解決策はCustom Cache Handlerを実装し、Redisのような中央ストアを使用することです。すべてのインスタンスが同じキャッシュを共有し、一括無効化が可能になります。

共有キャッシュなしで各インスタンスが独立してローカルキャッシュを運用する構造
共有キャッシュなしで各インスタンスが独立してローカルキャッシュを運用する構造

上図のように、共有キャッシュがなければInstance A、B、Cはそれぞれ独立してバックエンドにリクエストし、ローカルに保存します。Aでキャッシュを無効化しても、B、Cには依然として古いデータが残る構造です。

この問題を解決するには、インスタンス間にRedisを配置し、Pub/Sub方式でrevalidateイベントを発行 → 各インスタンスが購読して一括キャッシュ無効化する形が理想的です。ただし、Redisインフラの追加、Pub/Sub購読管理、障害時のフォールバック処理など運用の複雑性が上がるトレードオフがあります。

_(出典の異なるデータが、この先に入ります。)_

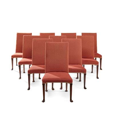 SET OF TEN GEORGIAN STYLE UPHOLSTERED MAHOGANY DINING CHAIRS

現在の環境では、この複雑性を受け入れるよりも、TTLベースで十分に防御可能な範囲で運用しています。


直接制御すべき領域 2:Full Route Cache

Data Cacheが「データの断片」をキャッシュするなら、Full Route Cacheは「ページレンダリング結果物(HTML + RSC Payload)」全体をサーバーディスクに保存します。Pages Router時代のSSGが進化した形態です。

SSGとの違い

RSC Payloadの存在:HTMLだけでなくReact Server Component Payloadも一緒にキャッシュします。クライアントでリンク遷移時、ページ全体をロードせずにこのペイロードだけを受け取り、スムーズな部分レンダリングを実行します。

PPRとの連携:ページ全体を静的に固める必要はありません。変化しないレイアウトシェルだけをキャッシュし、ユーザーのカートのような動的領域だけをリクエスト時に差し込みます。

Data Cacheとの連動:Data CacheがrevalidateTagで無効化されると、そのデータを参照していたFull Route Cacheもサーバー上で即座に再ビルドされます。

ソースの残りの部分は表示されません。